■ ASSIGNMENT: All that should be output is the block of lines below from the line with "- Bufet-komod güzgülü: geniş" to the line with "山小屋風の造りのカジュアルな", both included, exactly as written.

■ ENTRIES PROVIDED:
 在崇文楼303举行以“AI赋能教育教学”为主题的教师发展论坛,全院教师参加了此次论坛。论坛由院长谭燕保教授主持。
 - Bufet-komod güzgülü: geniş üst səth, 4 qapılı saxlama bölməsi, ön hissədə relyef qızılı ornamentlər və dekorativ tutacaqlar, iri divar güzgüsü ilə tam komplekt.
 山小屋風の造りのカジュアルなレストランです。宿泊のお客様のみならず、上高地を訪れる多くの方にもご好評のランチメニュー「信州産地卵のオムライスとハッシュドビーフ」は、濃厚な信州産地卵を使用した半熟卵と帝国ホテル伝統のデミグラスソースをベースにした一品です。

==

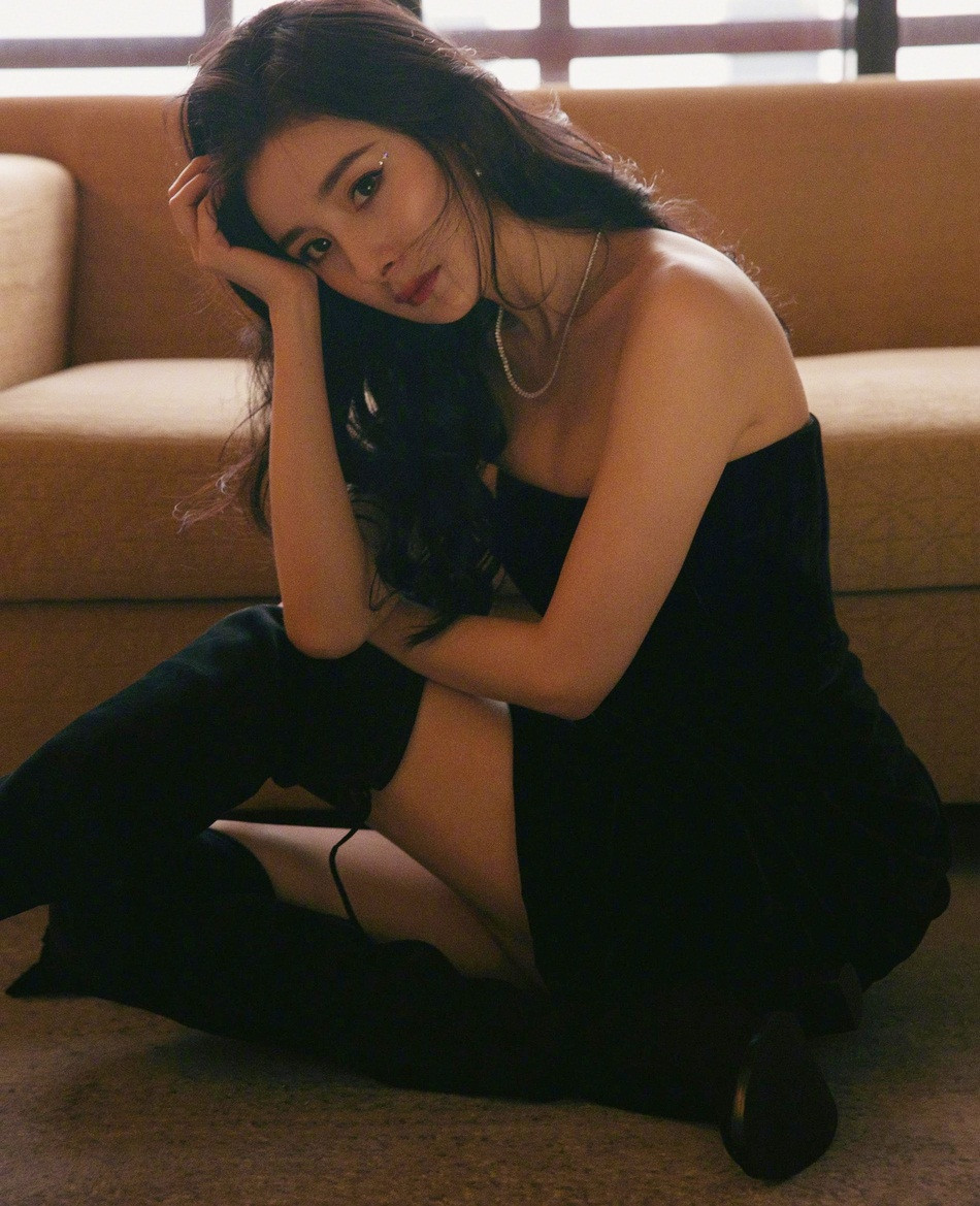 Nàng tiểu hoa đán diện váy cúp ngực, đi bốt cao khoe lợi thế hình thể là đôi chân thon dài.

■ WRITTEN RESPONSE:
 - Bufet-komod güzgülü: geniş üst səth, 4 qapılı saxlama bölməsi, ön hissədə relyef qızılı ornamentlər və dekorativ tutacaqlar, iri divar güzgüsü ilə tam komplekt.
 山小屋風の造りのカジュアルなレストランです。宿泊のお客様のみならず、上高地を訪れる多くの方にもご好評のランチメニュー「信州産地卵のオムライスとハッシュドビーフ」は、濃厚な信州産地卵を使用した半熟卵と帝国ホテル伝統のデミグラスソースをベースにした一品です。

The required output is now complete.